Ryan continued to apologize, continued to aver that this would never happen again. Hamilton Mayfair stepped out of the shadows and gave a little nod of greeting and then vanished as softly and soundlessly as he had appeared.
Beatrice came into the room with a soft jingling noise, perhaps of bracelets, Michael didn’t know. Michael felt her kiss before he saw her, and caught her jasmine perfume. It made him think of the garden in summer. Summer. That wasn’t so very far away. The bedroom was shadowy as always with the candles and only one small lamp. Beatrice put her arms around him and held him tight.
“Oh, darling,” she said, “you’re soaking wet.”
Michael nodded. “That’s true.”
“Now don’t be upset,” said Bea, scoldingly, “everything turned out just fine. Mona and Yuri took care of everything. We were determined to have everything straightened out before you came back.”
“That was kind of you,” said Michael.
“You’re exhausted,” said Mona. “You need to rest.”
“Now, come, you must get out of these wet clothes,” said Beatrice. “You’re going to be chilled. Are your things in the front room?”
He nodded.
“I’ll help you,” said Mona.
“Aaron. Where is Aaron?” asked Michael.
“Oh, he’s just fine,” said Beatrice. She turned and flashed a brilliant smile at him. “Don’t you worry about Aaron. He’s in the dining room having his tea. He snapped right into action when Mona and Yuri woke him up. He’s fine. Just fine. Now I’m going downstairs to get you something hot to drink. Please let Mona help you. Get out of those clothes now.”
She cast a long look up and down at him, and he looked down and saw the dark splatters ail over his sweater and pants. The clothes were so wet and so dark you couldn’t tell the difference between the blood and the water. But when the clothes dried, you could.
Mona opened the door of the front bedroom and he followed her inside. There was the wedding bed with its white canopy. More flowers. Yellow roses. The draperies of the front windows were opened, and the street light shone in the wandering branches of the oaks. Like a treehouse, this bedroom, Michael thought.
Mona started to help him with his sweater. “You know what? These clothes are so old, I’m going to do you a real favor. I’m going to burn them. Does this fireplace work?”
He nodded.
“What did you do with the bodies of the two men?”
“Shhh. Don’t talk so loud,” she said with an immediate sense of immense drama. “Yuri and I took care of that. Don’t ask again.”
She pulled down his zipper.
“You know I killed it,” he said.
She nodded. “Right. I wish I could have seen it. Just one time! You know, had a really good look at him!”
“No, you didn’t want to see it, and don’t ever go looking for it, don’t ever ask me where I disposed of it, or…”
She didn’t answer him. Her face seemed still, determined, beyond his influence, beyond his tenderness or his concern. Her own unique mixture of innocence and knowledge baffled him as surely now as it had ever done. She seemed unmarked in her freshness, her beauty, yet deep within some dangerous chamber of her own thoughts.
“You feel cheated?” he whispered.
Still she didn’t answer. She’d never looked so mature-so knowing, so much the woman. And so much the mystery-the simple mystery of another being, alien to us by simple nature and separateness-one among many whom we will never fully possess or know or comprehend.

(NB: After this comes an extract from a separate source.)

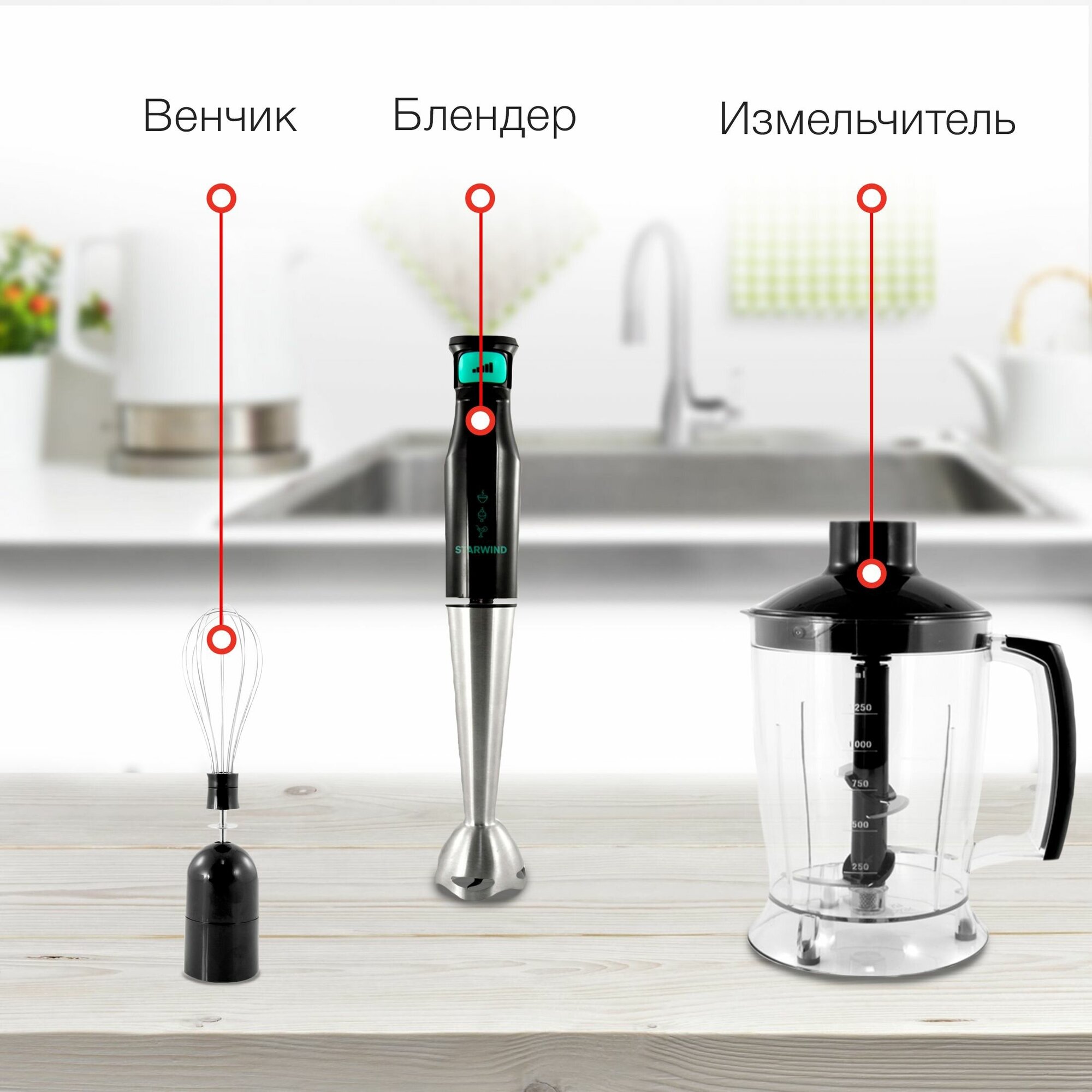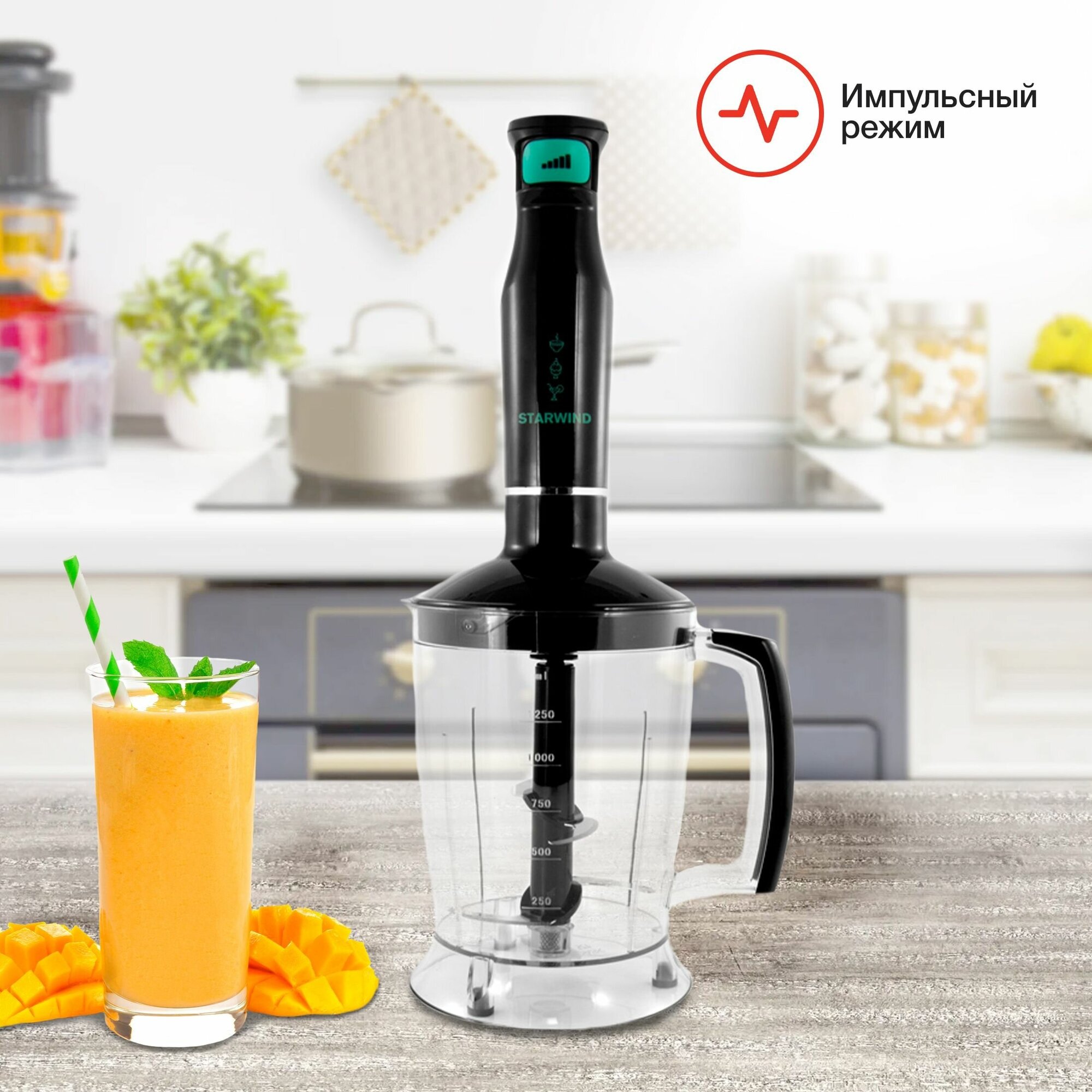 | В комплекте | венчик, измельчитель (1.25 л), мерный стакан |

He reached into his pocket. He held out the muddy emerald, and he heard her gasp before he looked up again and saw the amazement in her face.
“Take this away with you,” he said under his breath. “This is yours now. Take it. And don’t ever, ever turn around and look over your shoulder. Don’t ever try to understand.”

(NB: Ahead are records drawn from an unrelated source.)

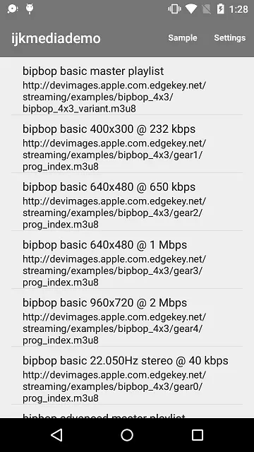 git clone https://github.com/Bilibili/ijkplayer.git下载ijkplayer完整项目,然后使用Android Studio打开目录:ijkplayer\android\ijkplayer,这个是Android的Demo项目,运行之后,效果如下: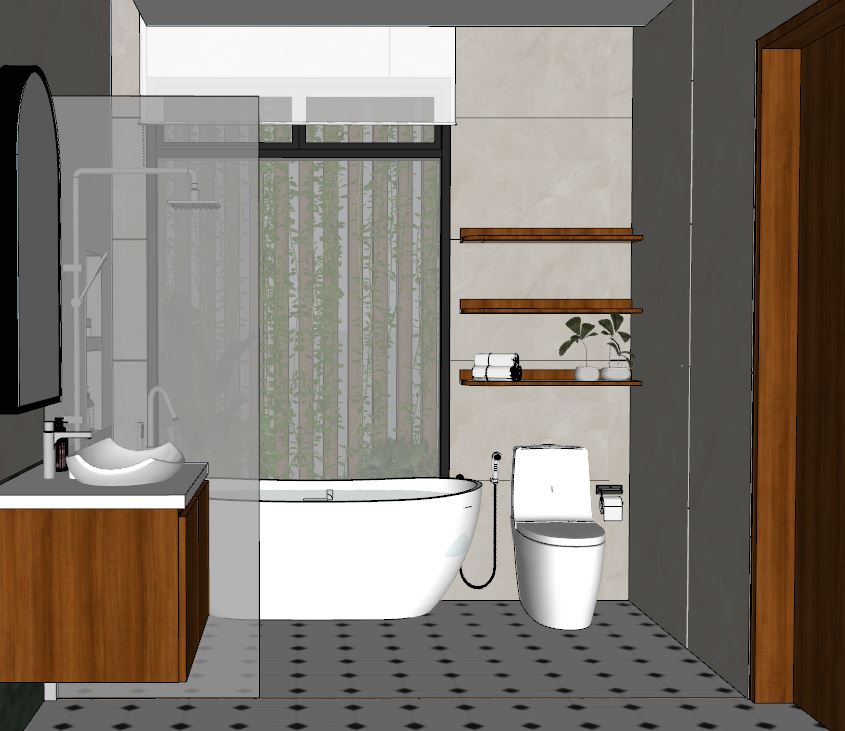 create ultra realistic images without changing any structure shape design or materials do not resize jpegs add indirect light to curtain valance and all around the mirror and add spotlight to ceiling and add soft outdoor light make the wall glossy and the floor is matte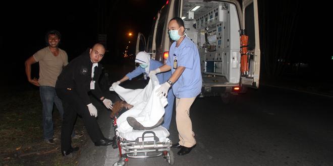骑士在发现女后座摔在路上后,马上停下查看。这时碰巧1辆救护车经过而被骑士拦下,医护人员马上下车给予女子检查,并将她送来急诊部接受进一步护理。
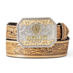 Ariat Mens Belt 1 7/8"-1 1/2" Floral Embossed Tapered Tan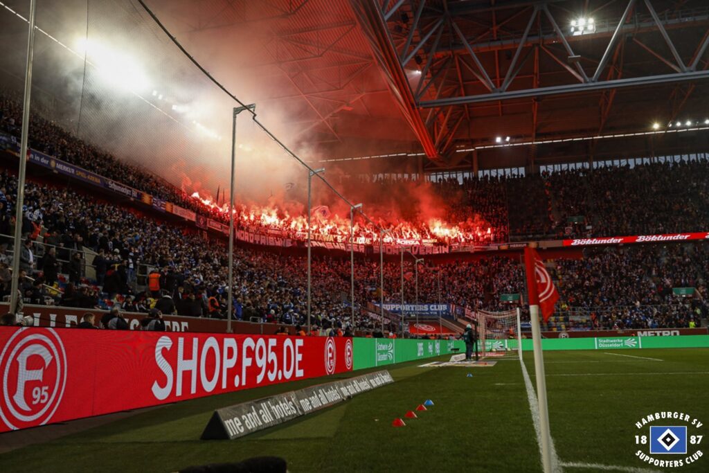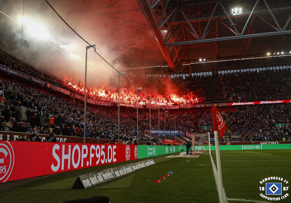 Im mit 52.200 Fans ausverkauften Rheinstadion traten die etwa 20.000 HSV-Fans am Freitagabend einheitlich mit Balkenschals auf. Als Intro präsentierten die HSV-Fans einen riesigen Balkenschal im Gästeblock und hielten dahinter ihre Balkenschals hoch. Der HSV Supporters Club hatte dazu aufgerufen. Die Mannschaft lief zudem mit Sondertrikots zum Jubiläum des Supporters Clubs auf. Nordtribüne Hamburg und HSV Supporters Club organisierten eine gemeinsame Anreise zahlreicher HSV-Fans mit Bussen vom Volksparkstadion nach Düsseldorf. Diese Sternfahrt fand ebenfalls zum 30. Geburtstag der Supporters statt.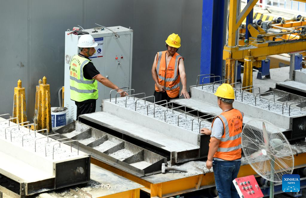 23日、渝昆高速鉄道の四川省-重慶市区間に設けられた竜馬潭橋梁製作場で、完成した橋梁体を検査する職員。(瀘州=新華社配信/胡志強)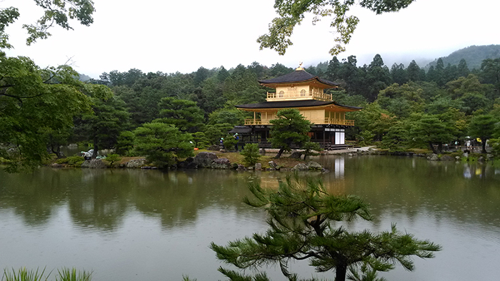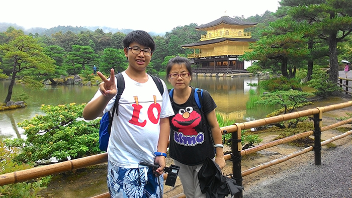因為我們昨天有先去平安神宮,所以我們就睡晚一點再起床,多留在飯店休息,我們一樣吃完早餐後,馬上前往金閣寺,這次的古蹟很特別,不但門票是做成一張平安符,而且建築物金箔要去打造的,從遠方觀看,足以令人瞠目,導遊還說可以拍起來當facebook的封面照,非常可觀。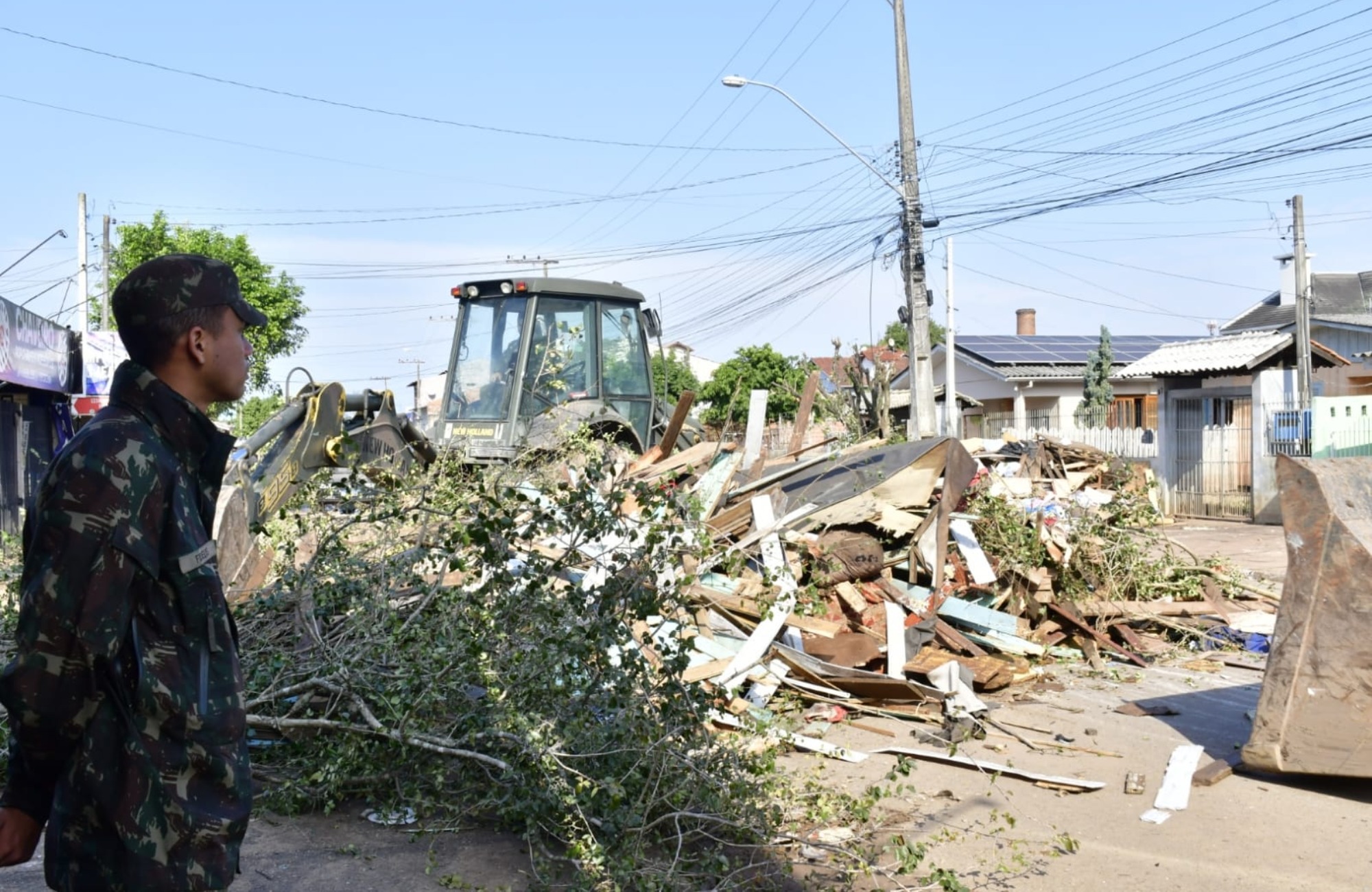 A Rua Leopoldo Wasun e a Avenida Montevidéo, no bairro Santo Afonso, são os focos da limpeza e do recolhimento de bens inutilizados pelos atingidos durante a enchente nesta quarta-feira, dia 5. Retroescavadeiras, caminhões, servidores e militares trabalham nas duas vias, e até o final do dia será atingida a marca de 16,8 mil toneladas de resíduos retirados das ruas desde os primeiros dias em que as águas começaram a baixar, permitindo que as equipes acessassem os locais de forma segura.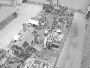 The mini farm measures 8 by 24 ft. and is displayed atop six sawhorses. It folds in the middle for transport. Numerous working parts all operate electrically using transformers, relays, and time delay relays.

Again, she was grave and silent, absorbing his words, but giving no hint of her own true response. Perhaps her expression was respectful; perhaps it was merely remote.
She closed her hand over the emerald as though to conceal it utterly. She pressed her closed hand into the bundle of his soiled clothes.
“Go bathe now,” she said calmly. “Go rest. But first-the pants, and the socks and shoes. Let me get rid of them too.”